著者のコラム一覧
元川悦子サッカージャーナリスト

1967年7月14日生まれ。長野県松本市出身。業界紙、夕刊紙を経て94年にフリーランス。著作に「U―22」「黄金世代―99年ワールドユース準優勝と日本サッカーの10年 (SJ sports)」「「いじらない」育て方~親とコーチが語る遠藤保仁」「僕らがサッカーボーイズだった頃2 プロサッカー選手のジュニア時代」など。

<4>ロシアへの思い残し、ブラジルW杯後に代表引退を口に

公開日: 更新日:

 2008年1月のチリ戦から日本代表74試合に出場して2得点を挙げた内田篤人。

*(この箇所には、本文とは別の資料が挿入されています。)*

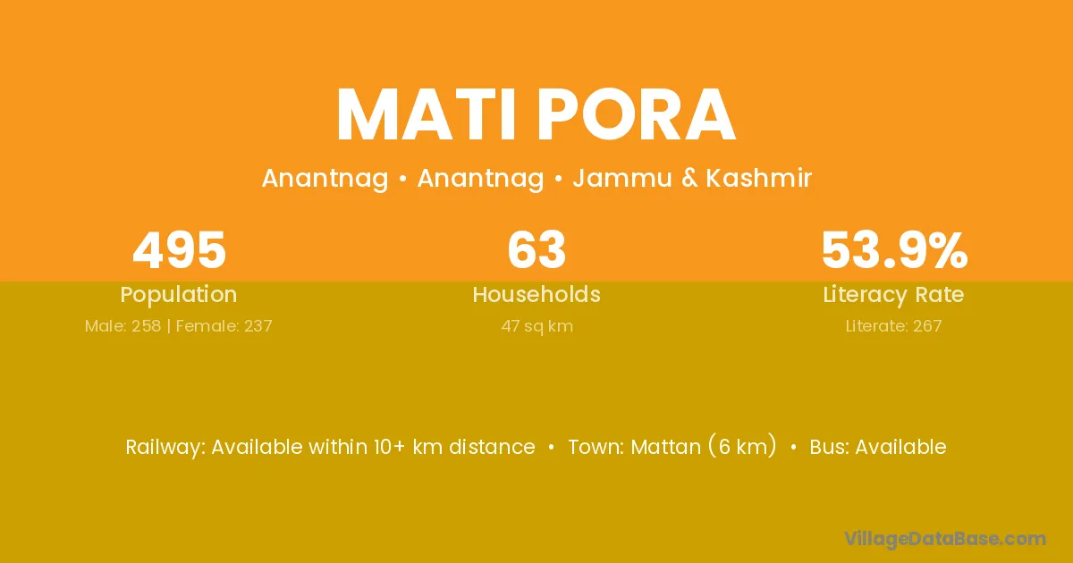 The literacy rate of Mati Pora village is 42.34%. Male literacy stands at 46.74% and female literacy at 37.71%.

絶対的右サイドバック(SB)として岡田武史(現今治代表)とザッケローニ両監督の寵愛を受けたが、意外にもW杯本大会では納得のいく成果を上げられなかった。10年南アフリカは、直前の戦術変更で出番なし。14年ブラジルは孤軍奮闘したものの、チームは惨敗を喫した。そして、「自身の集大成に」と願い続けた18年ロシアへの出場はかなわなかった。

 ◇  ◇  ◇

 19歳での鮮烈デビュー以来、瞬く間に代表右SBの定位置をつかんだ内田。2010年南アW杯の予選をコンスタントに戦うことになった。

 だが、世界切符の懸かった09年6月のウズベキスタン戦(タシケント)を体調不良で欠場したのが、つまずきの始まり。前日練習では「いつも通り」と元気そうにしていたのに肝心の当日は不在。06年ドイツW杯組の駒野に代役を託すことになった。

 日本は岡崎慎司(ウエスカ)の決勝弾でW杯行きを決めたが、内田にとっては不遇に終わった南アW杯の呼び水だったのかもしれない。